[Source data]
Start of Block

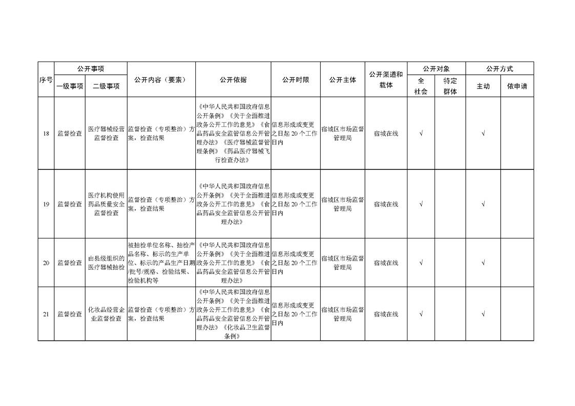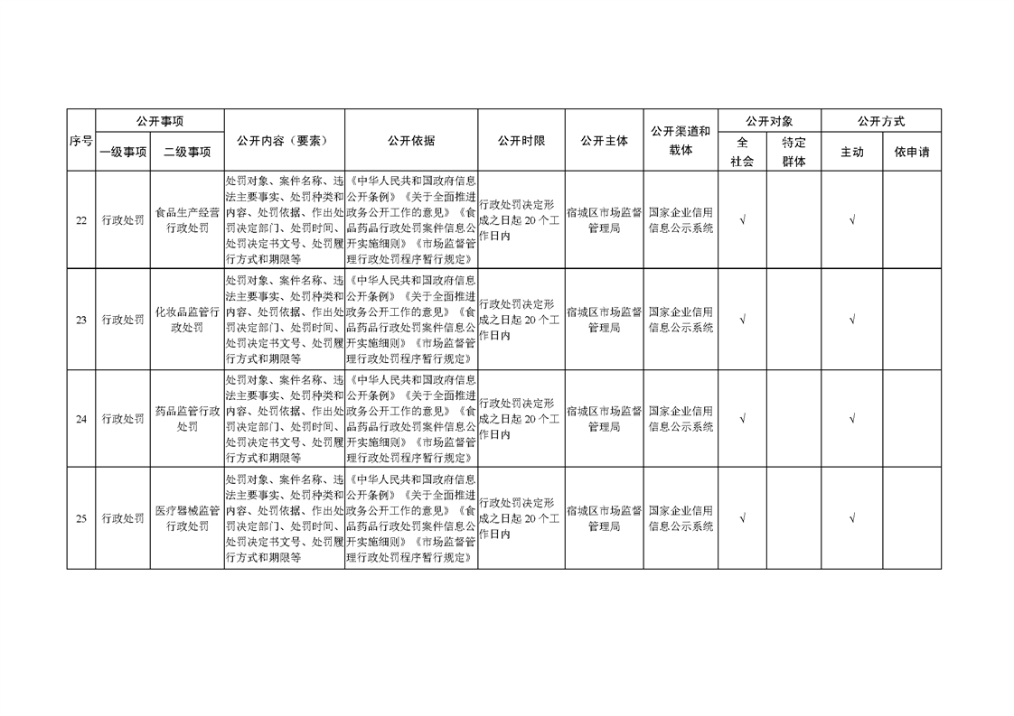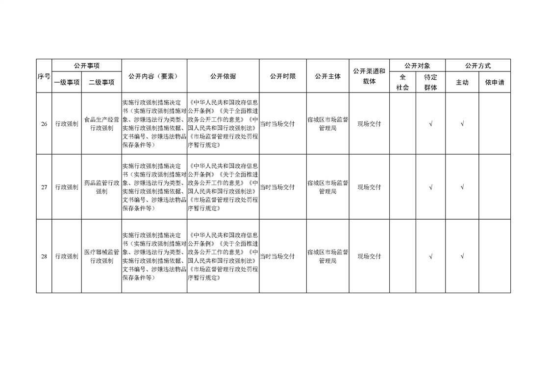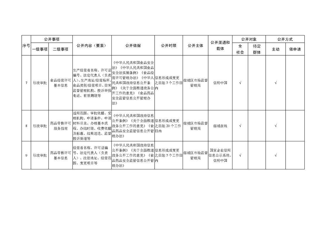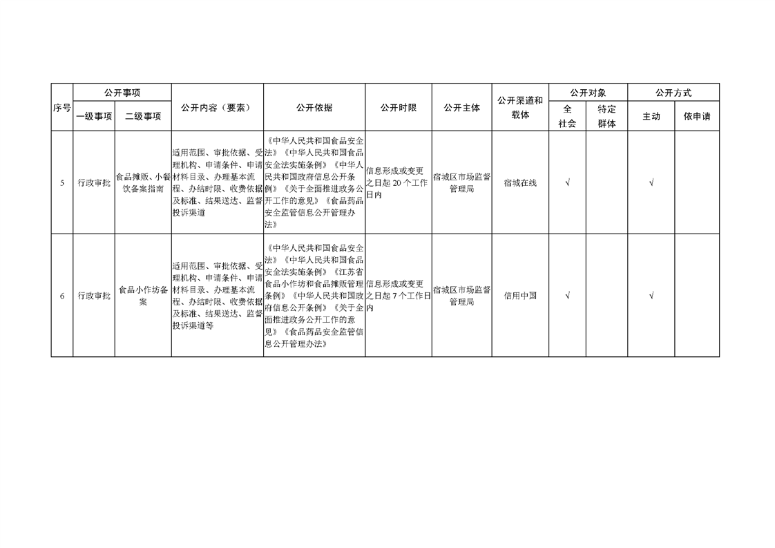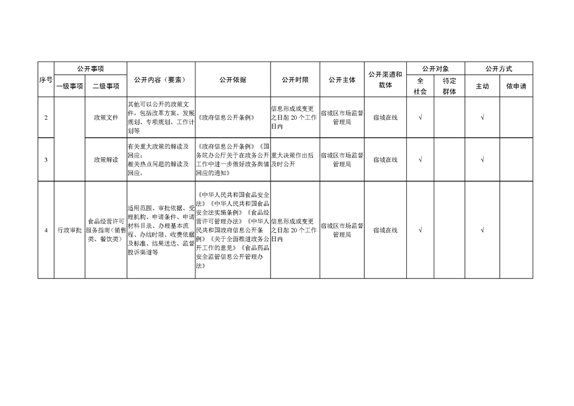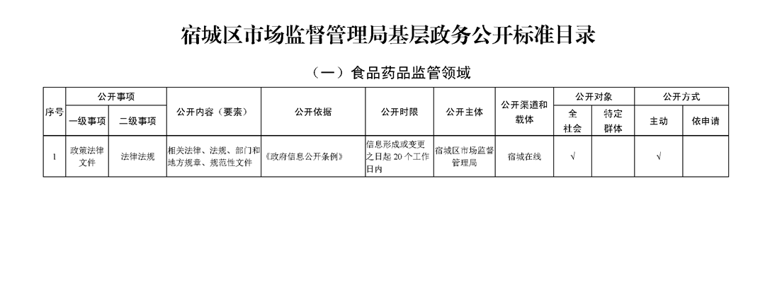 宿城區市場監管局基層政務公開標準目錄(2022版)
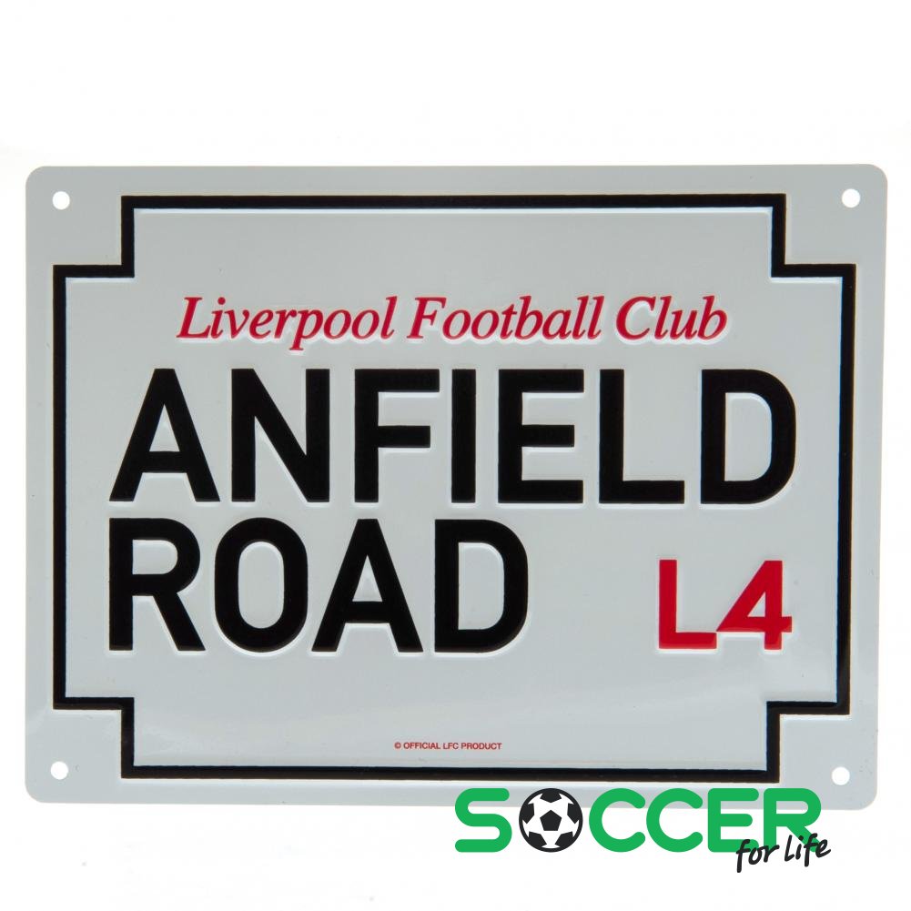 Со знаменитым знаком «Энфилд Роуд» L4 и надписью «Ливерпульский футбольный клуб»
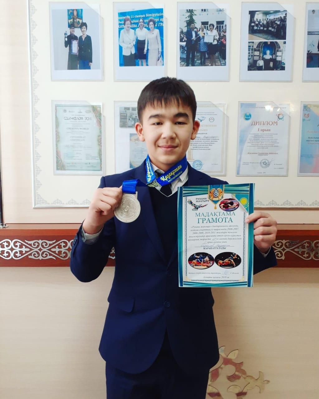 25 қараша 2019 0 1 2 3 4 5 "Рухани жаңғыру" "Рухани жаңғыру" бағдарламасы аясында, мәдени спорттық іс-шарасында жасөспірімдер арасында өткен еркін күрестен қалааралық жарыста 68 кг салмақ дәрежесінде ІІ орын алғаны үшін 7 "Б" сынып оқушысы ИСРАИЛОВ НҰРДӘУЛЕТ Марапатталады!!!
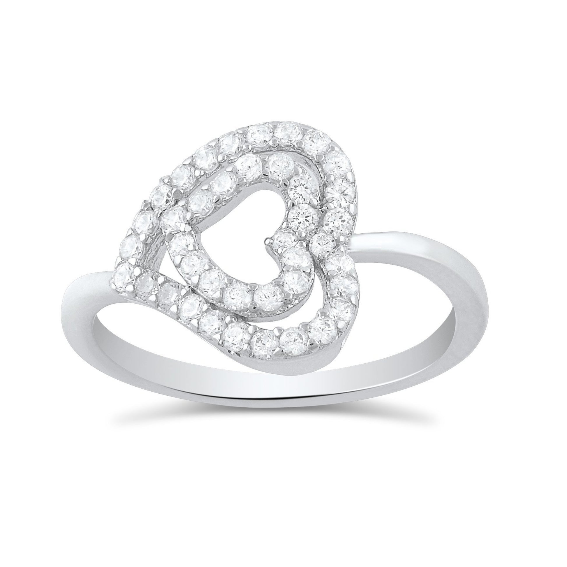 White Gold Over Sterling Silver Womens Dainty Moissanite Sideways Heart Ring
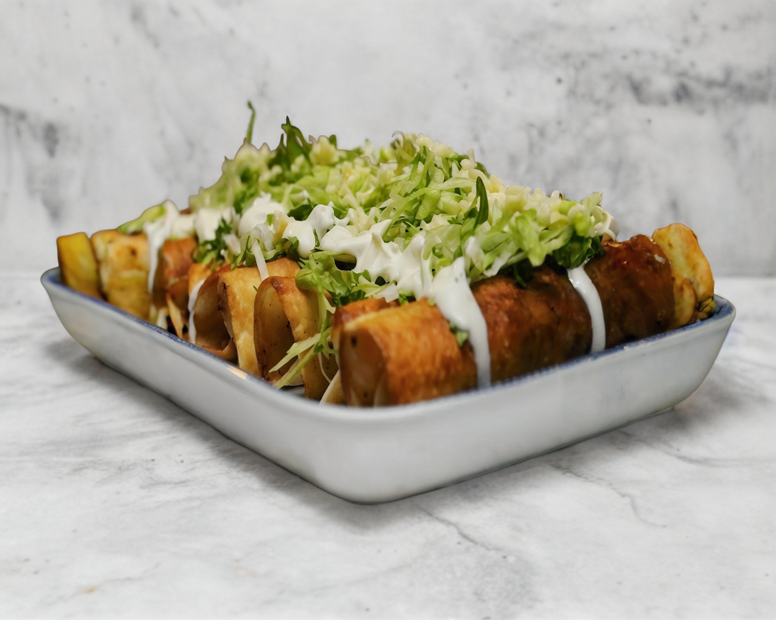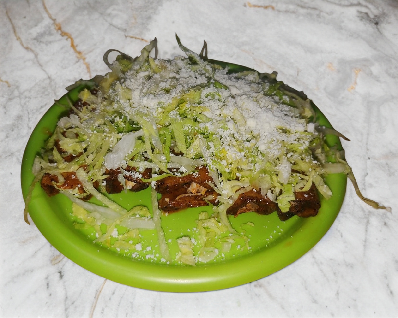 12 piezas elaborado Tortilla de maíz con pollo y su respectivo acompañamiento, queso, lechuga y aguacate.
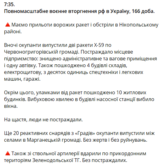 В целом, как сообщает губернатор региона Валентин Резниченко, в области ночью удары наносились по двум районам - Никопольскому и Криворожскому. В первом под огонь попали четыре села в двух громадах. В Марганецкой громаде зафиксировано 20 прилетов реактивных снарядов, выпущенных из градов.
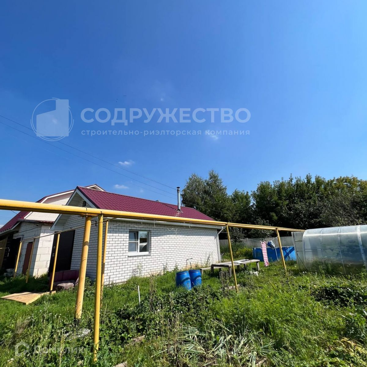 На территории есть большая хоз.постройка, построенная из блоков, теплица, большое количество плодово-ягодных деревьев и кустарников. Так же в углу земельного участка расположен рекламный щит, который приносит пассивный доход в размере 5000 р. ежемесячно.
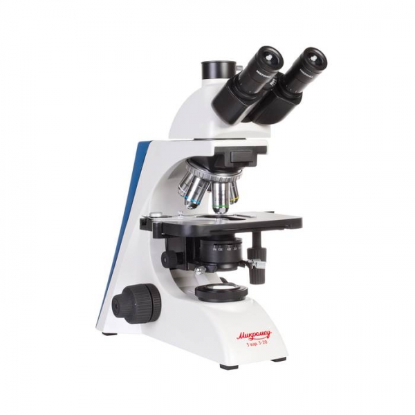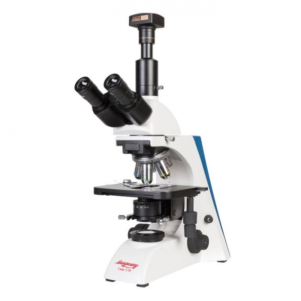 Тринокулярный микроскоп МИКРОМЕД 3 вар. 3-20 М предназначен для наблюдения и морфологических исследований препаратов в проходящем свете по методу светлого поля, а также по методу темного поля, фазового контраста и в поляризованном свете в комплекте с соответствующими устройствами, поставляемыми по дополнительному заказу. Микроскоп может быть использован в различных областях медицины, в биологии, ботанике, химии и других областях науки. Используется при диагностических исследованиях в клиниках и больницах, а также для учебных целей в высших учебных заведениях. На микроскопе можно изучать окрашенные и неокрашенные объекты в виде мазков и срезов. Конструкция тринокулярной визуальной насадки микроскопа позволяет выводить изображение в режиме реального времени на экран ПК с помощью видеоокуляра (в комплект не входит). Видеоокуляр устанавливается в специальный выход — канал визуализации. Это позволяет одновременно наблюдать изображение через окуляры микроскопа и на экране ПК. Микроскоп рассчитан на длину тубуса «бесконечность», объективы стандарта DIN, парфокальная высота объективов 45 мм.
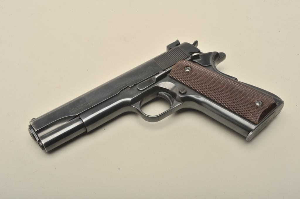 caliber, 5” barrel, old re-blued finish, checkered maroon plastic grips, S/N S M 13066, in overall very good condition as re-finished, fine bore, crisp action, very good markings and very good + grips. (C&R/PPT). Est.: $1,300-$2,600.
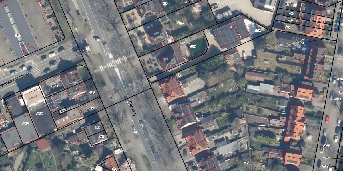 Panweg 50 is gelegen op kadastraal perceel ZEI00M4484. Deze kadastrale aanduiding is uniek en wordt gebruikt door het Kadaster om eigendomsrechten en andere zakelijke rechten vast te leggen. Het perceel maakt onderdeel uit van de kadastrale gemeente Zeist.
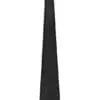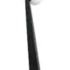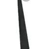 The Roy Floor Lamp features a tapered iron base that leans subtly backward, supporting a single frosted globe. Its clean angles and soft light create a striking, sculptural presence.
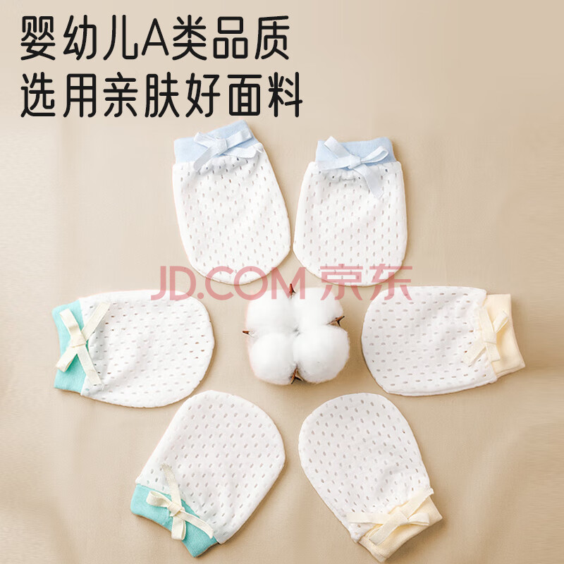 商品相册:爱宝适婴儿防抓手套0-1岁新生儿护手防抓脸手套透气冰丝款3双装S185 第

End of Block

→ Your assignment
Starting with the top line, write out all the data above exactly; keep the pictures out.

→ Exercise response
 宿城區市場監管局基層政務公開標準目錄(2022版)
 Со знаменитым знаком «Энфилд Роуд» L4 и надписью «Ливерпульский футбольный клуб»
 25 қараша 2019 0 1 2 3 4 5 "Рухани жаңғыру" "Рухани жаңғыру" бағдарламасы аясында, мәдени спорттық іс-шарасында жасөспірімдер арасында өткен еркін күрестен қалааралық жарыста 68 кг салмақ дәрежесінде ІІ орын алғаны үшін 7 "Б" сынып оқушысы ИСРАИЛОВ НҰРДӘУЛЕТ Марапатталады!!!
 White Gold Over Sterling Silver Womens Dainty Moissanite Sideways Heart Ring
 12 piezas elaborado Tortilla de maíz con pollo y su respectivo acompañamiento, queso, lechuga y aguacate.
 В целом, как сообщает губернатор региона Валентин Резниченко, в области ночью удары наносились по двум районам - Никопольскому и Криворожскому. В первом под огонь попали четыре села в двух громадах. В Марганецкой громаде зафиксировано 20 прилетов реактивных снарядов, выпущенных из градов.
 На территории есть большая хоз.постройка, построенная из блоков, теплица, большое количество плодово-ягодных деревьев и кустарников. Так же в углу земельного участка расположен рекламный щит, который приносит пассивный доход в размере 5000 р. ежемесячно.
 Тринокулярный микроскоп МИКРОМЕД 3 вар. 3-20 М предназначен для наблюдения и морфологических исследований препаратов в проходящем свете по методу светлого поля, а также по методу темного поля, фазового контраста и в поляризованном свете в комплекте с соответствующими устройствами, поставляемыми по дополнительному заказу. Микроскоп может быть использован в различных областях медицины, в биологии, ботанике, химии и других областях науки. Используется при диагностических исследованиях в клиниках и больницах, а также для учебных целей в высших учебных заведениях. На микроскопе можно изучать окрашенные и неокрашенные объекты в виде мазков и срезов. Конструкция тринокулярной визуальной насадки микроскопа позволяет выводить изображение в режиме реального времени на экран ПК с помощью видеоокуляра (в комплект не входит). Видеоокуляр устанавливается в специальный выход — канал визуализации. Это позволяет одновременно наблюдать изображение через окуляры микроскопа и на экране ПК. Микроскоп рассчитан на длину тубуса «бесконечность», объективы стандарта DIN, парфокальная высота объективов 45 мм.
 caliber, 5” barrel, old re-blued finish, checkered maroon plastic grips, S/N S M 13066, in overall very good condition as re-finished, fine bore, crisp action, very good markings and very good + grips. (C&R/PPT). Est.: $1,300-$2,600.
 Panweg 50 is gelegen op kadastraal perceel ZEI00M4484. Deze kadastrale aanduiding is uniek en wordt gebruikt door het Kadaster om eigendomsrechten en andere zakelijke rechten vast te leggen. Het perceel maakt onderdeel uit van de kadastrale gemeente Zeist.
 The Roy Floor Lamp features a tapered iron base that leans subtly backward, supporting a single frosted globe. Its clean angles and soft light create a striking, sculptural presence.
 商品相册:爱宝适婴儿防抓手套0-1岁新生儿护手防抓脸手套透气冰丝款3双装S185 第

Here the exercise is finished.